No. of MOSs in the upper decoder circuit:  $2^{n-y-1-1+1} \cdot (n-y-1+1)$  No. of MOSs in the lower decoder circuit:  $(2^{n-y-1}-1) \cdot (n-y-1) + 2(n-y)$  No. of MOSs in the P+implant core decoder circuit:  $2^{y-1} + 2^y \cdot (2y) + 2^y$ 

Thus, the total transistor count in this scheme is the summation of the above three terms.

$$M_2(n,y) = (2^{n-y-1}) \cdot (n-y) + (2^{n-y-1}-1) \cdot (n-y-1) + 2(n-y) + 2^{y-1} + 2^y \cdot (2y) + 2^y$$
(1)

**3-dimensional scheme :** Referring to Fig. 3, a total of n address lines are divided into three parts, y for the data core decoding, z for the upper decoder, and 1 for the lower decoder.

No. of MOSs in the upper decoder circuit:  $(2^{z+1}-1)+2^z+2\cdot 2^z$  No. of MOSs in the upper pass block:  $2^z$  No. of MOSs in the lower decoder circuit: 2 No. of MOSs in the lower pass block:  $2\cdot 2^z$  No. of MOSs in the P+implant core decoder circuit:  $(2^{y+1}-1)+2^y+2\cdot 2^y$ 

Thus, the total transistor count in this scheme is the summation of the above five terms. Besides, we also substitute z = n - y - 1 to derive the following result.
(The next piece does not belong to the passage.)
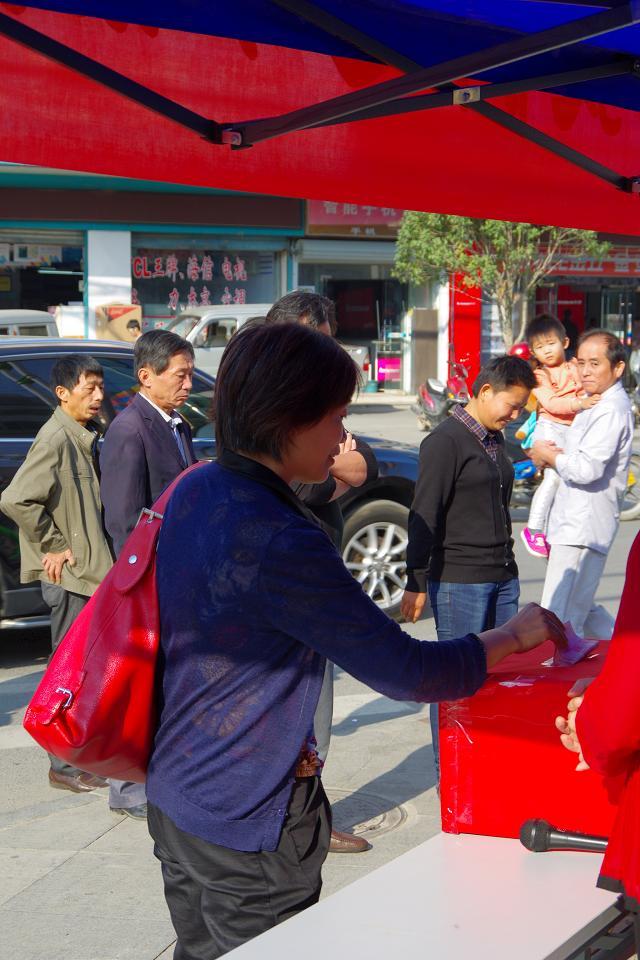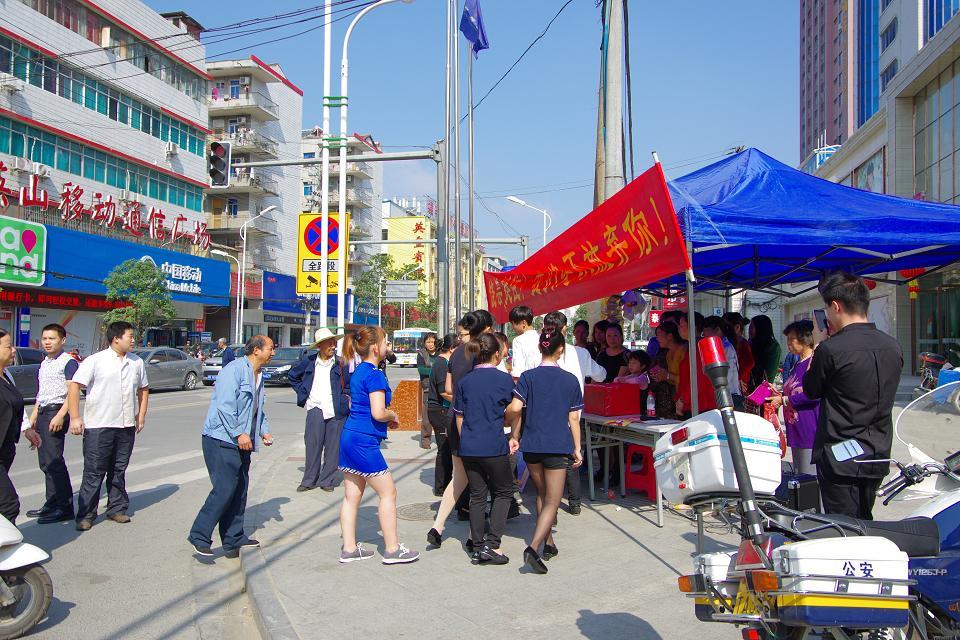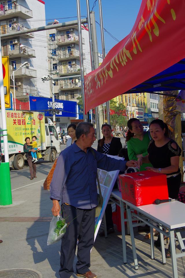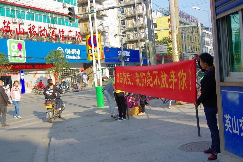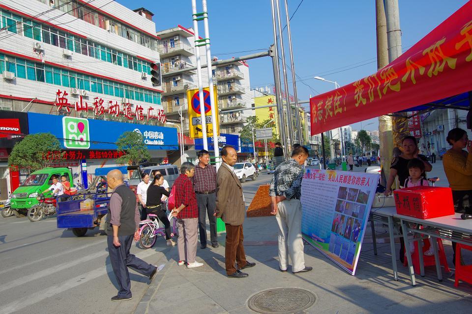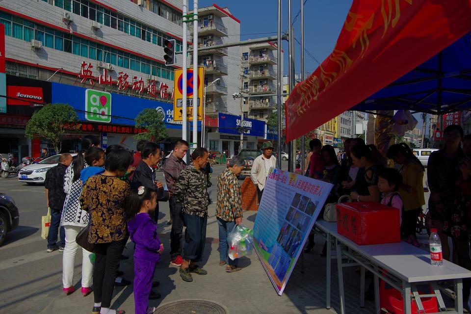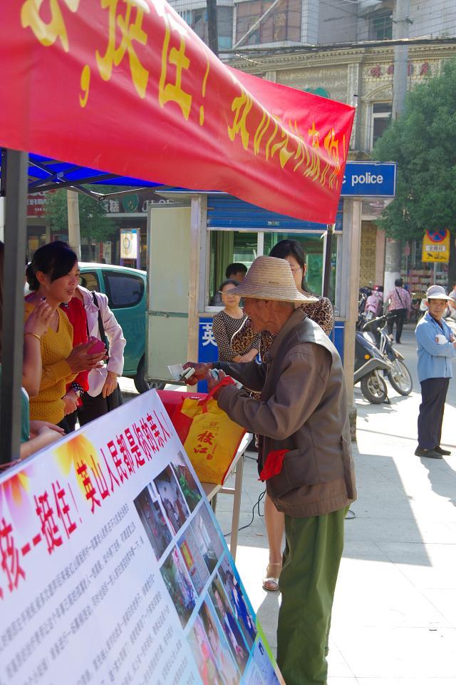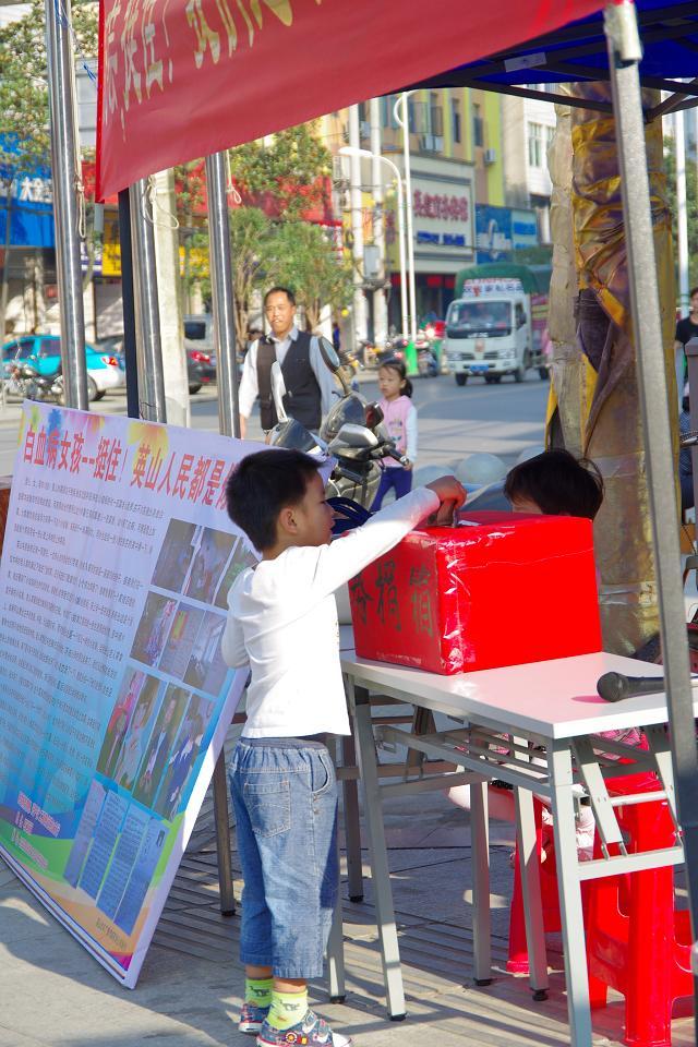 12日,在英山城关街头,三三两两的行人都加入到捐款的队伍中,一位老者从贴身的衣裳里摸出食盐袋包着零散钞票,全部捐了出来。一位先生抱着一个还在吃奶的孩子,通过孩子的手,把百元钞票塞进了捐款箱……

$$M_3(n, y, z) \mid_{z=n-y-1} = (2^{z+1} - 1) + 2^z + 2 \cdot 2^z + 2^z + 2$$

$$+ 2 \cdot 2^z + (2^{y+1} - 1) + 2^y + 2 \cdot 2^y$$

$$M_3(n, y) = 4 \cdot 2^{n-y} + 5 \cdot 2^y$$
 (2)

By using Eqn.(2), we can make a comparison in the following table.

| $\overline{n}$ | y | $M_3$ | $M_2$ |
|----------------|---|-------|-------|
| 7              | 4 | 112   | 176   |
| 8              | 3 | 168   | 210   |
| 8              | 4 | 144   | 213   |
| 8              | 5 | 192   | 392   |

Table 1: Comparison of transistor count in different scenarios

It is trivial to find that  $M_1$ , which is the transistor count of the 1-dimensional decoder, is definitely much large than  $M_2$  and  $M_3$ . Hence,  $M_3$  is the most transistor (area) saving in the above three decoder designs.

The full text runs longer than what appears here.